Tashi owns her own sexuality in endlessly surprising ways throughout the film, pitting Patrick and Art against each other as she watches critically from the sidelines, or pulling them into a passionate embrace with each other in bed. A lot of this movie is about how erotic desire sublimates into competitive performance, and vice versa — particularly for Tashi, who lost one of those outlets in the prime of her life and is constantly pushing the boundaries of the other.

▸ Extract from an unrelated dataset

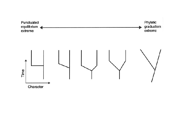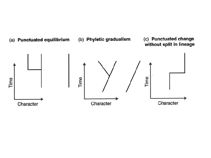 Punctuated Equilibrium Niles Eldredge -- Stephen Jay Gould Extreme Version All morphological change occurs at speciation Thereafter there is no change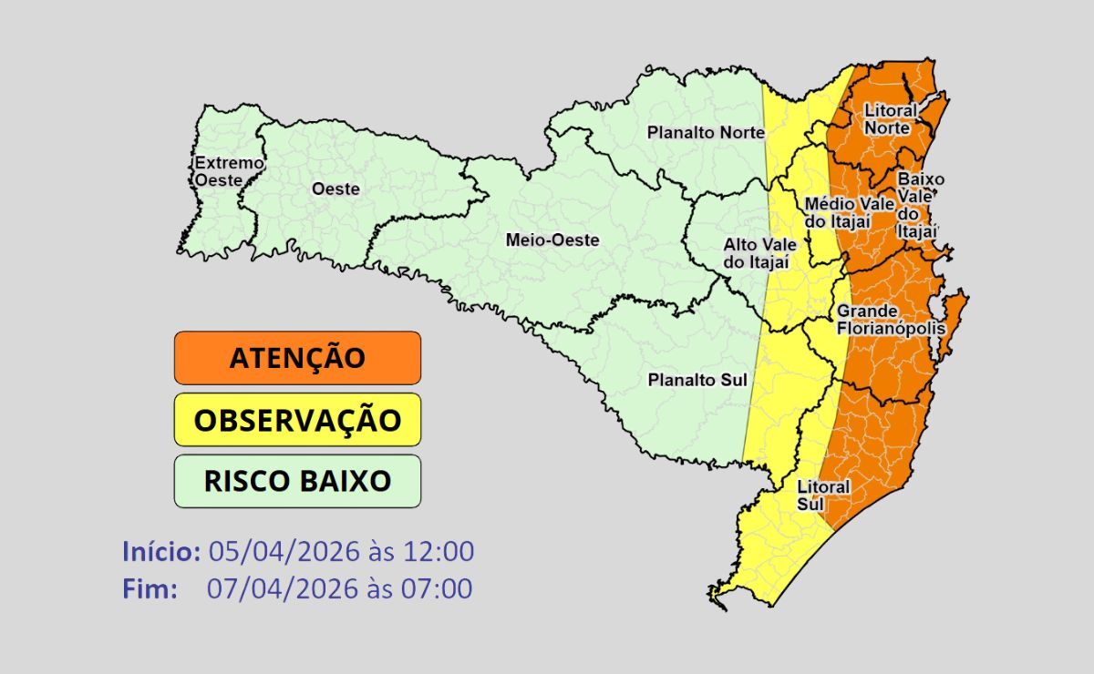 O aprofundamento gradual de uma área de baixa pressão sobre o interior do continente a intensificação do transporte de umidade do mar em direção à costa catarinense favorecem a ocorrência de chuva persistente no Litoral e temporais isolados nas demais regiões do estado entre a tarde deste domingo (05) e a madrugada da próxima terça-feira (07), oferecendo risco MODERADO a ALTO para ocorrências relacionadas à alagamentos e enxurradas. Para destelhamentos, danos na rede elétrica e queda de galhos e árvores, o risco é BAIXO.

But just as clearly, Challengers is about Tashi’s control over the two men in her life, who both want her, and both understand that she’s only going to tolerate either of them as long as they both acknowledge her dominance. There’s more than a little of Spike Lee’s She’s Gotta Have It in this story, as a woman of color confidently navigates different partnerships and prioritizes her own freedom and pleasure over commitment and domesticity.
That theme felt radical in 1986, when Lee’s film premiered — particularly for a story centering on a Black woman. But context and the state of the culture make the same dynamic feel even more radical today. In an environment that’s culturally squeamish about sex on screen and politically repressive about acknowledging female autonomy, Challengers is a full-throated provocation. It’s a sports drama where sex is openly one of the big game’s biggest stakes, and an emotional drama that’s frank and even confrontational about how sensuality can undermine relationships as much as it can cement them.
The fact that it’s beautifully crafted and constructed certainly adds spice to the mix. But maybe most importantly, Challengers is just plain fun — playful, aggressive, and a thrill to watch. It isn’t like anything else that’s hit cinemas in the past few years, and it’s enough to make viewers wonder why anyone was willing to let this kind of movie go.
Challengers debuts in theaters on April 26.